Work item
Restate every record word for word, without the pictures.

Record extracts

────────

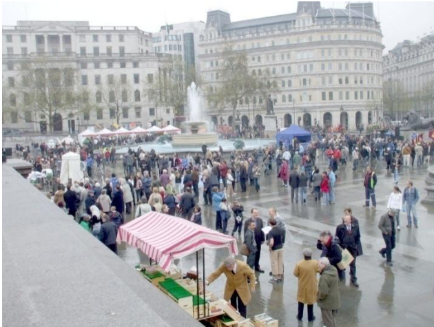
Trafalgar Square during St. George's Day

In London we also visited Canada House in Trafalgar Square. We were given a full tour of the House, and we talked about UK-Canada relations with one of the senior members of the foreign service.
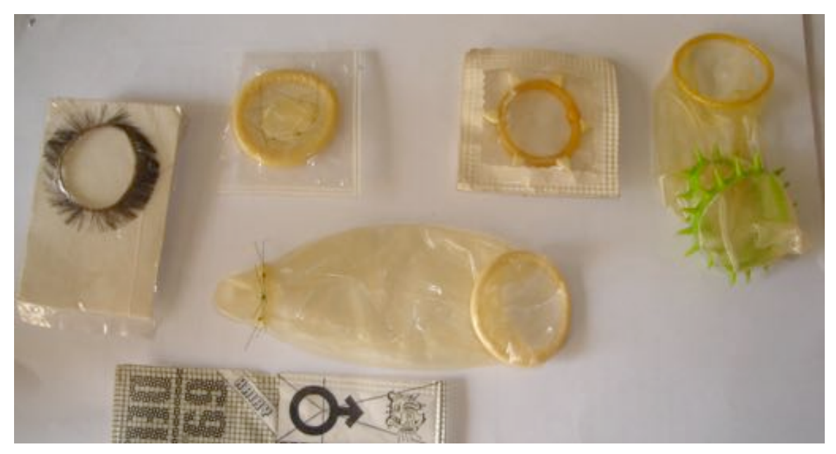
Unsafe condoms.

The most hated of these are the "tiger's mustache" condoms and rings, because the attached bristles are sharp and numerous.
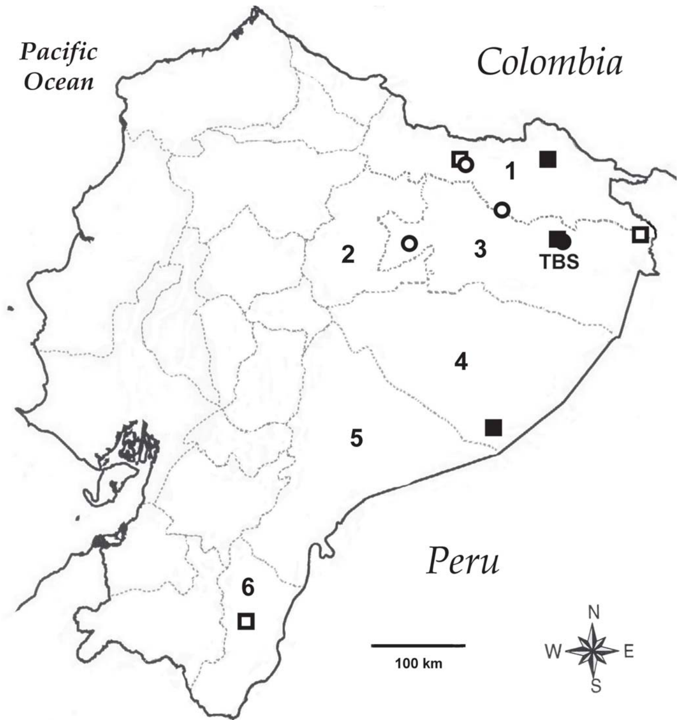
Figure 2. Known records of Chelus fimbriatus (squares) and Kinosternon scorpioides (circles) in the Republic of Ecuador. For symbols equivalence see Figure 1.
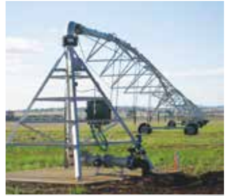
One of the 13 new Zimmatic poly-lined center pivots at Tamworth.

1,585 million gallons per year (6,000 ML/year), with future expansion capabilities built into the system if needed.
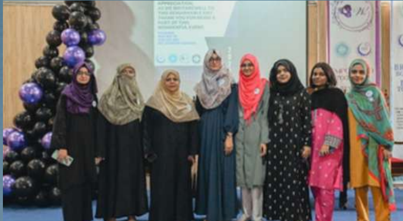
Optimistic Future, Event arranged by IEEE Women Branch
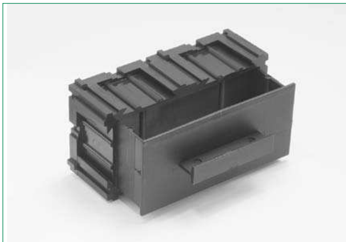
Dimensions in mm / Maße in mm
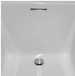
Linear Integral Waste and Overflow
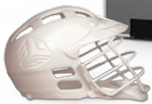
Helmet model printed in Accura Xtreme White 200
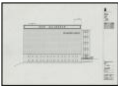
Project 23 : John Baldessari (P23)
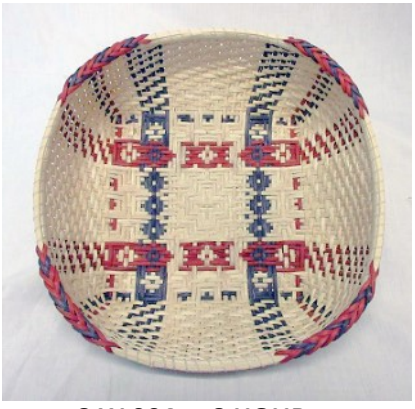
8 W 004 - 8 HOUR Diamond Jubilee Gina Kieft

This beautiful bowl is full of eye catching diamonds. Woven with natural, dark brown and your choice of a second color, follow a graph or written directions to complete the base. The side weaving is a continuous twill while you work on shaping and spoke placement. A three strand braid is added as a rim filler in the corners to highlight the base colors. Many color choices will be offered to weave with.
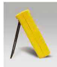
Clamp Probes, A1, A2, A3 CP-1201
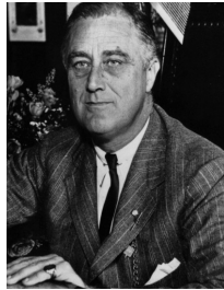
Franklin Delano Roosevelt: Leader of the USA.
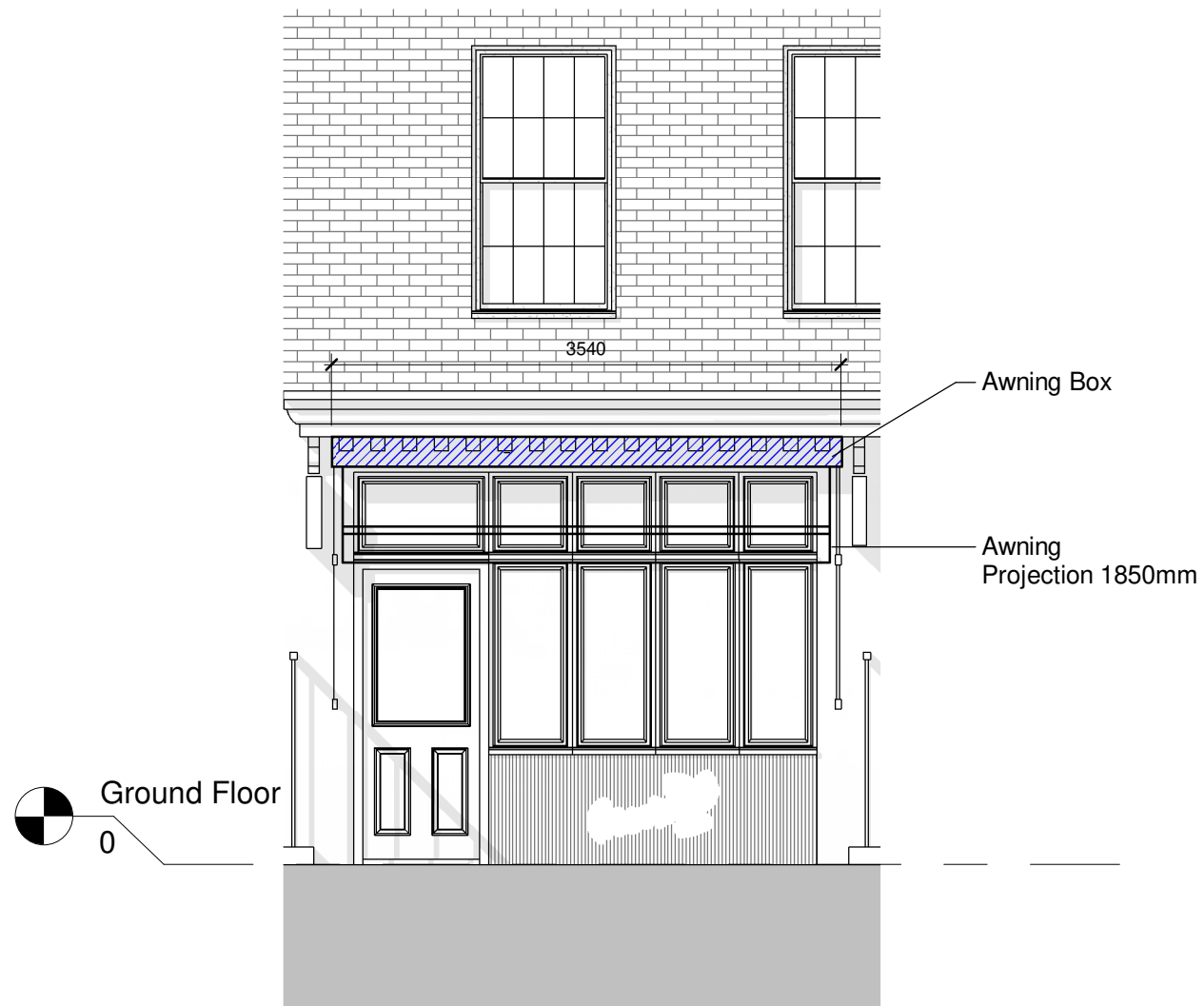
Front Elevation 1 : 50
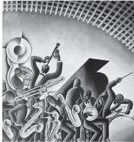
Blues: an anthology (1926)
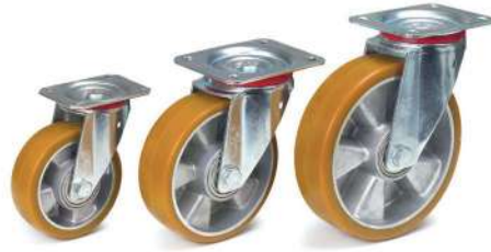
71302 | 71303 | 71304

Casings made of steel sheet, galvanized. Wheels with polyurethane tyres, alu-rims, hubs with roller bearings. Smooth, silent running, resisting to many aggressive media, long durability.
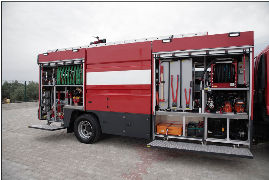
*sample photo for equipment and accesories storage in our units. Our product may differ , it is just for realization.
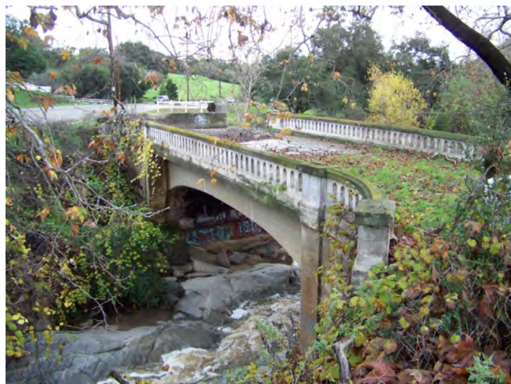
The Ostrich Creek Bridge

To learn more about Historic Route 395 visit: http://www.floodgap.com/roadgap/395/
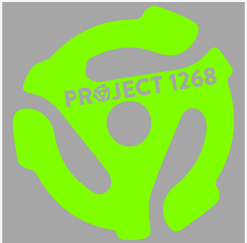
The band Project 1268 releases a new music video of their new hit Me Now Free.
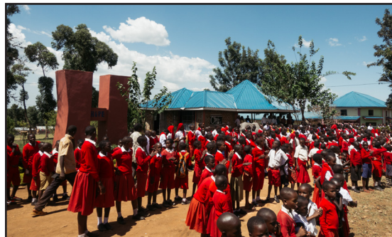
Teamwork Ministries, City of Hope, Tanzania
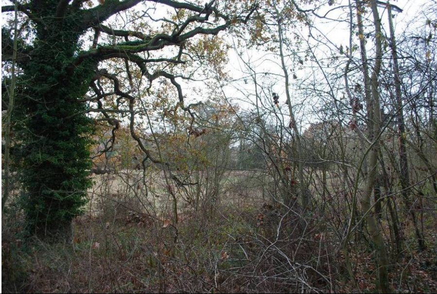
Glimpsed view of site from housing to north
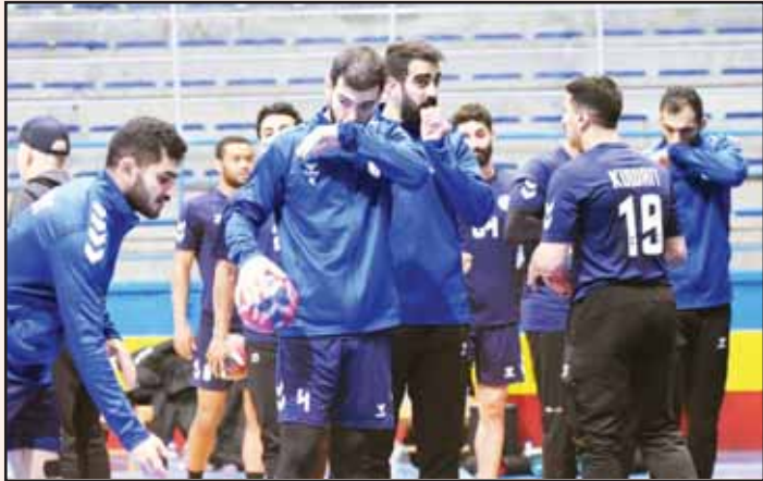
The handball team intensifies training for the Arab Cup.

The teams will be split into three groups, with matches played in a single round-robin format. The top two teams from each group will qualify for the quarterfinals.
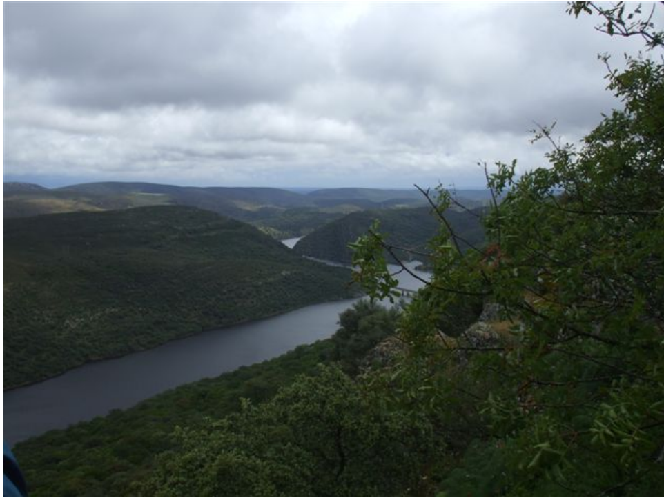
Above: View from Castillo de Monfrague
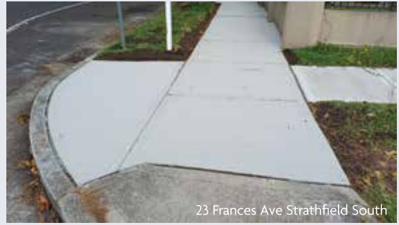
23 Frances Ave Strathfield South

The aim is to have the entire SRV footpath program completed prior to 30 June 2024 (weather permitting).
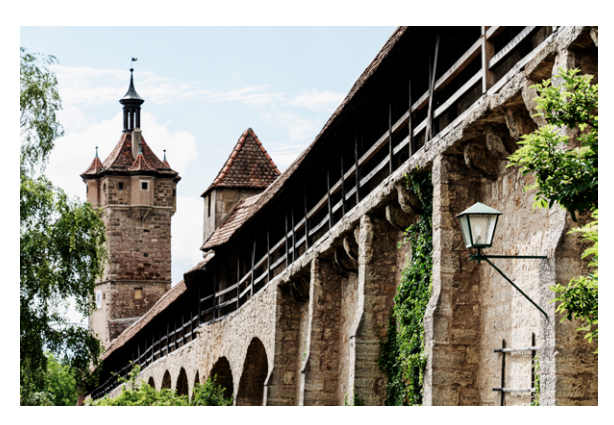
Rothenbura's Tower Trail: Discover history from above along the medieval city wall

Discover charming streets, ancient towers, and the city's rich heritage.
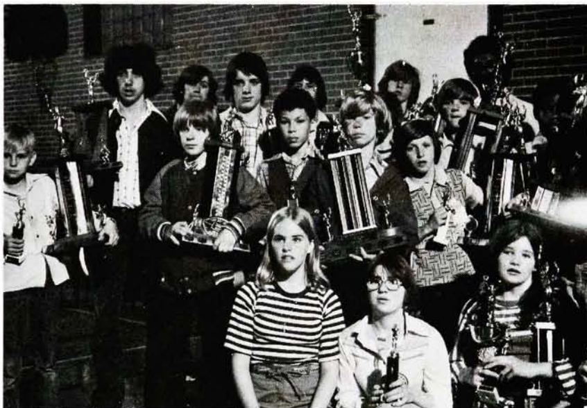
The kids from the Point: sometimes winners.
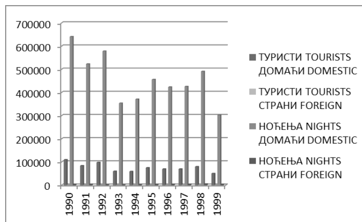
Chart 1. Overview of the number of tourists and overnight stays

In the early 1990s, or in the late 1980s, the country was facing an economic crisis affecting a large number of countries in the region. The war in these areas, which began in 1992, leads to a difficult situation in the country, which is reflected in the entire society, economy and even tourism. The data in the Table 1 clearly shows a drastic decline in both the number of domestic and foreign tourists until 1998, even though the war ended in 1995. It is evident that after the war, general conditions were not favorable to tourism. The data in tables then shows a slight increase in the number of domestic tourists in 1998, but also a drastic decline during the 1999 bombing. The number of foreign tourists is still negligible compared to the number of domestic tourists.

────────

Finished exercise
Trafalgar Square during St. George's Day

In London we also visited Canada House in Trafalgar Square. We were given a full tour of the House, and we talked about UK-Canada relations with one of the senior members of the foreign service.
Unsafe condoms.

The most hated of these are the "tiger's mustache" condoms and rings, because the attached bristles are sharp and numerous.
Figure 2. Known records of Chelus fimbriatus (squares) and Kinosternon scorpioides (circles) in the Republic of Ecuador. For symbols equivalence see Figure 1.
One of the 13 new Zimmatic poly-lined center pivots at Tamworth.

1,585 million gallons per year (6,000 ML/year), with future expansion capabilities built into the system if needed.
Optimistic Future, Event arranged by IEEE Women Branch
Dimensions in mm / Maße in mm
Linear Integral Waste and Overflow
Helmet model printed in Accura Xtreme White 200
Project 23 : John Baldessari (P23)
8 W 004 - 8 HOUR Diamond Jubilee Gina Kieft

This beautiful bowl is full of eye catching diamonds. Woven with natural, dark brown and your choice of a second color, follow a graph or written directions to complete the base. The side weaving is a continuous twill while you work on shaping and spoke placement. A three strand braid is added as a rim filler in the corners to highlight the base colors. Many color choices will be offered to weave with.
Clamp Probes, A1, A2, A3 CP-1201
Franklin Delano Roosevelt: Leader of the USA.
Front Elevation 1 : 50
Blues: an anthology (1926)
71302 | 71303 | 71304

Casings made of steel sheet, galvanized. Wheels with polyurethane tyres, alu-rims, hubs with roller bearings. Smooth, silent running, resisting to many aggressive media, long durability.
*sample photo for equipment and accesories storage in our units. Our product may differ , it is just for realization.
The Ostrich Creek Bridge

To learn more about Historic Route 395 visit: http://www.floodgap.com/roadgap/395/
The band Project 1268 releases a new music video of their new hit Me Now Free.
Teamwork Ministries, City of Hope, Tanzania
Glimpsed view of site from housing to north
The handball team intensifies training for the Arab Cup.

The teams will be split into three groups, with matches played in a single round-robin format. The top two teams from each group will qualify for the quarterfinals.
Above: View from Castillo de Monfrague
23 Frances Ave Strathfield South

The aim is to have the entire SRV footpath program completed prior to 30 June 2024 (weather permitting).
Rothenbura's Tower Trail: Discover history from above along the medieval city wall

Discover charming streets, ancient towers, and the city's rich heritage.
The kids from the Point: sometimes winners.
Chart 1. Overview of the number of tourists and overnight stays

In the early 1990s, or in the late 1980s, the country was facing an economic crisis affecting a large number of countries in the region. The war in these areas, which began in 1992, leads to a difficult situation in the country, which is reflected in the entire society, economy and even tourism. The data in the Table 1 clearly shows a drastic decline in both the number of domestic and foreign tourists until 1998, even though the war ended in 1995. It is evident that after the war, general conditions were not favorable to tourism. The data in tables then shows a slight increase in the number of domestic tourists in 1998, but also a drastic decline during the 1999 bombing. The number of foreign tourists is still negligible compared to the number of domestic tourists.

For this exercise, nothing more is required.